Anorexia is a vicious circle. The less you eat, the less you feel. Then the less you feel, the less anything matters.
I know food is the answer. I keep repeating it - in order to live, to be able to fulfill my dreams, I must eat.
Then my mind whispers, wait one more day. Surely one more day can't hurt. I know this is not logical. Each day I restrict my food intake does hurt. Each pound I lose will make it harder to recover once I ... once I break free.
The voice of anorexia is illogical in its essence - don't eat. Starve yourself. You need to lose more weight. You really aren't that thin; everyone is exaggerating. You can never be too thin. Never too thin ...
This flies in the face of all human logic. And the more weight I lose, the more I become intwined with anorexia's twisted logic until my own voice is drowned out.
I have to find a way out. I am starting to feel trapped again. I wonder if it will ever stop ... or will anorexia's voice echo in my mind forever?
6 comments:
I understand completely. I don't know if the voice of anorexia will echo in your head forever since I've only been in recovery a few years. But I will tell you that from my own experience, the voice of anorexia is still in my head, but I've learned not to listen to it. You write about the eating disordered thoughts intertwining with your own until you can't tell one from the other. With recovery, that gets better. I guess the best way to describe my experience now is that I can tell those voices apart. I know which one to listen to--my own.

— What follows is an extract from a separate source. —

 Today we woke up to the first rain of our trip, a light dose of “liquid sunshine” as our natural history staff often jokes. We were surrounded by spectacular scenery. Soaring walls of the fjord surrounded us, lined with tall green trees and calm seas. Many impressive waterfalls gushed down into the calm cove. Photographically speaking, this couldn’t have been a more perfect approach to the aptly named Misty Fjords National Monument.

I hope the same for you. You can recover. You know as well as I do that it's not easy. But you can do it. And you will!
Best of luck to you. Hang in there.
oh angela, i'm sorry you're in the middle of this. and yes, you can see your way through.

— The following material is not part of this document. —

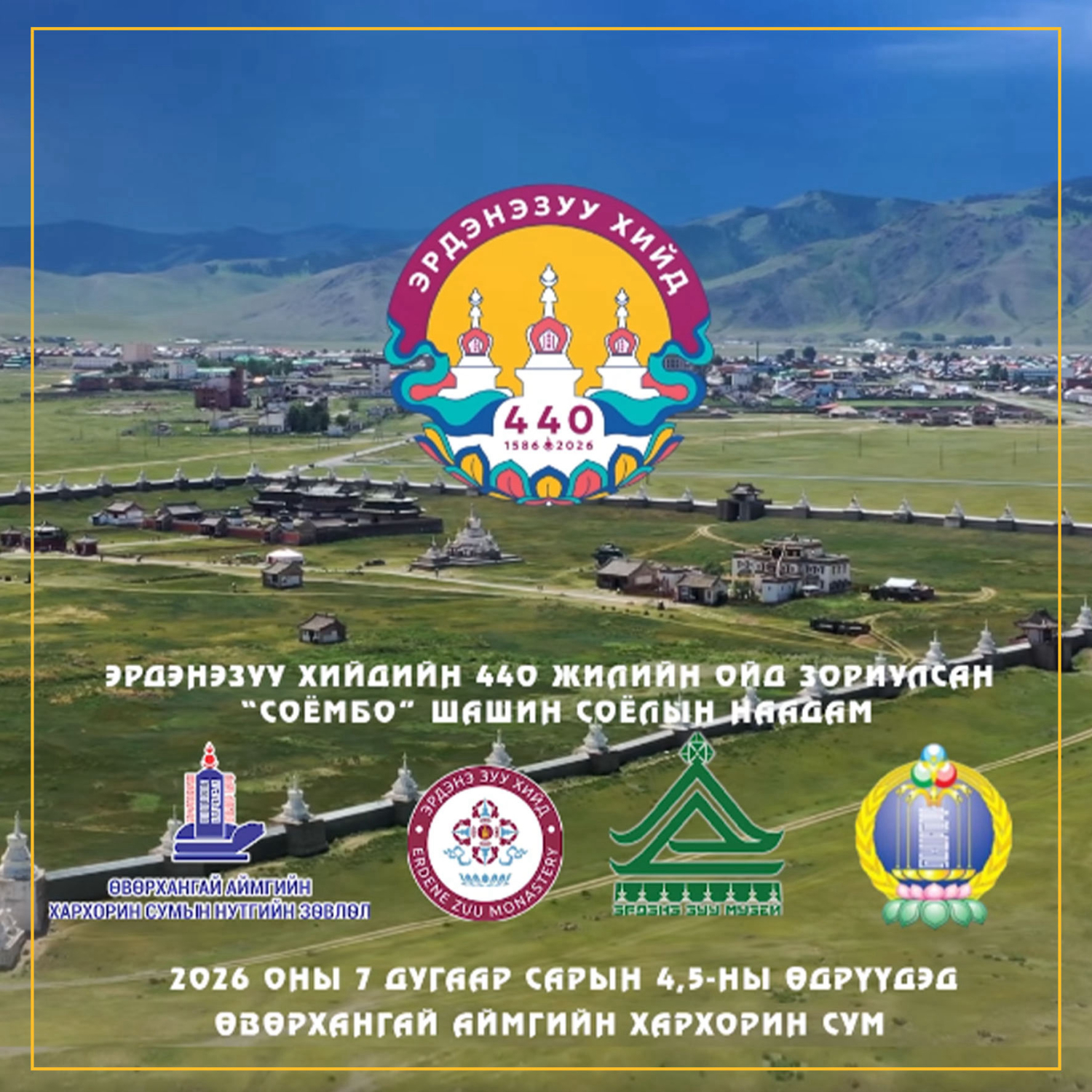 Монголын түүх, соёл, шашны нандин төв болсон "Эрдэнэ Зуу "хийдийн 440 жилийн ойд зориулсан “Соёмбо” шашин, соёлын наадамд та бүхнийг хүрэлцэн ирэхийг урьж байна.

we relapse. some of us relapse more and harder than others.
my cousin finally got it together in her sixties --- really. and life feels so much better to her. her sixties, i swear.
i'm hanging in, although i relapse all over the place with substances and addictions.

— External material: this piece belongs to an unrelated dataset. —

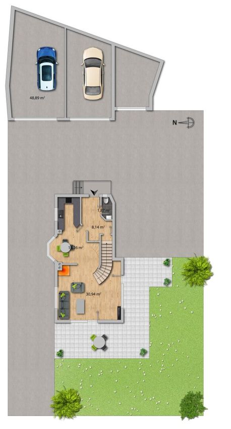 Abgerundet wird das Angebot durch eine Doppelgarage, die ausreichend Platz für Fahrzeuge und zusätzlichen Stauraum bietet.

there is hope. you are hope. hold hope.
Angela, you wrote: "I know food is the answer." I humbly disagree, its not about the food. Its about what is keeping you from wanting to feel, its about the deep dark stuff you can't face which is keeping you in this... Look at that stuff and accept it and you will find the change you seek. And, of course, following a meal plan will be part of that. best wishes
Like you, I have been able to look at myself for probably 6 months or so now, and actually SEE I'm too thin. I THINK this is a sign of improvement. There was a time when all I saw was Fat! This could be a break thru. Are you completely done with treatment???Remember that last advice you gave me? Keep going to treatment! I have decided I may need it for the rest of my life, and that's OK, in fact that's wonderful if it helps me stay alive!
Angela,
Have you thought about talking back to this destructive and nasty voice? Turn right round and tell it the truth. Counter everything nasty and destructive that it says. Outloud if necessary. It is a technique that my husband has taught me and encouraged me to use. I fight self destructive and horrible thoughts about myself almost everyday, and talking back works. Just don't do it outloud in public! ;)
"..unapologetic joy in which my soul feels to its depth"...
this is so beautiful. please keep writing.
when monks began to spread literacy in europe, one wrote that 'every word was a stroke against the devil.' as people became literate ignorance lessened, myths and prejudices faded.
angela you are an amazing writer. use this to pull through. anorexia is a mean devil, but it is your soul. you have to push through.